Dataset section:
****

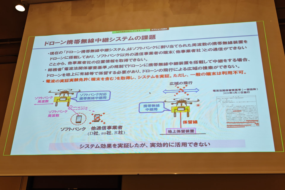 一つは、ソフトバンクに割り当てられた周波数帯を利用していたため、ソフトバンク以外の回線を使う端末の位置情報が取得できなかったキャリア依存の問題。もう一つは、電波法関係審査基準の規制により、ドローンを地上と有線で接続・係留しなければならず、広い範囲を飛行できなかった点だった。
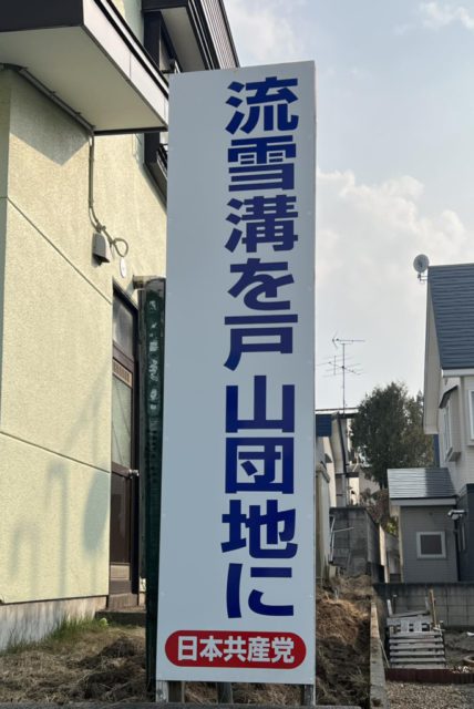 高橋さん!と私の顔をみて驚く人。急に泣き出すのでどうしたの?と思ったら赤旗の一面をみて、毎日毎日トランプのニュースみて、怖くなると、、。そして、地域支部がかかげた「流雪溝」の看板みて、早くできばいいな、といつも見ていたと。要求って大事。
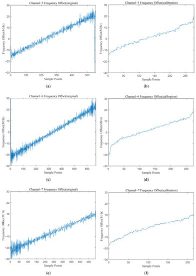 The IFM results of the correct Channel 5, 6, and 7: (a) the original IFM result of Channel 5; (b) the calibrated IFM result of Channel 5; (c) the original IFM result of Channel 6; (d) the calibrated IFM result of Channel 6; (e) the original IFM result of Channel 7; (f) the calibrated IFM result of Channel 7.
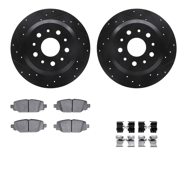 DFC Rotors-Drilled & Slotted-Black w/ 5000 Advanced Brake Pads Incl Hdw

****

Exercise requirements: The material above should be returned exactly, without pictures.

Solution to this task:
 一つは、ソフトバンクに割り当てられた周波数帯を利用していたため、ソフトバンク以外の回線を使う端末の位置情報が取得できなかったキャリア依存の問題。もう一つは、電波法関係審査基準の規制により、ドローンを地上と有線で接続・係留しなければならず、広い範囲を飛行できなかった点だった。
 高橋さん!と私の顔をみて驚く人。急に泣き出すのでどうしたの?と思ったら赤旗の一面をみて、毎日毎日トランプのニュースみて、怖くなると、、。そして、地域支部がかかげた「流雪溝」の看板みて、早くできばいいな、といつも見ていたと。要求って大事。
 The IFM results of the correct Channel 5, 6, and 7: (a) the original IFM result of Channel 5; (b) the calibrated IFM result of Channel 5; (c) the original IFM result of Channel 6; (d) the calibrated IFM result of Channel 6; (e) the original IFM result of Channel 7; (f) the calibrated IFM result of Channel 7.
 DFC Rotors-Drilled & Slotted-Black w/ 5000 Advanced Brake Pads Incl Hdw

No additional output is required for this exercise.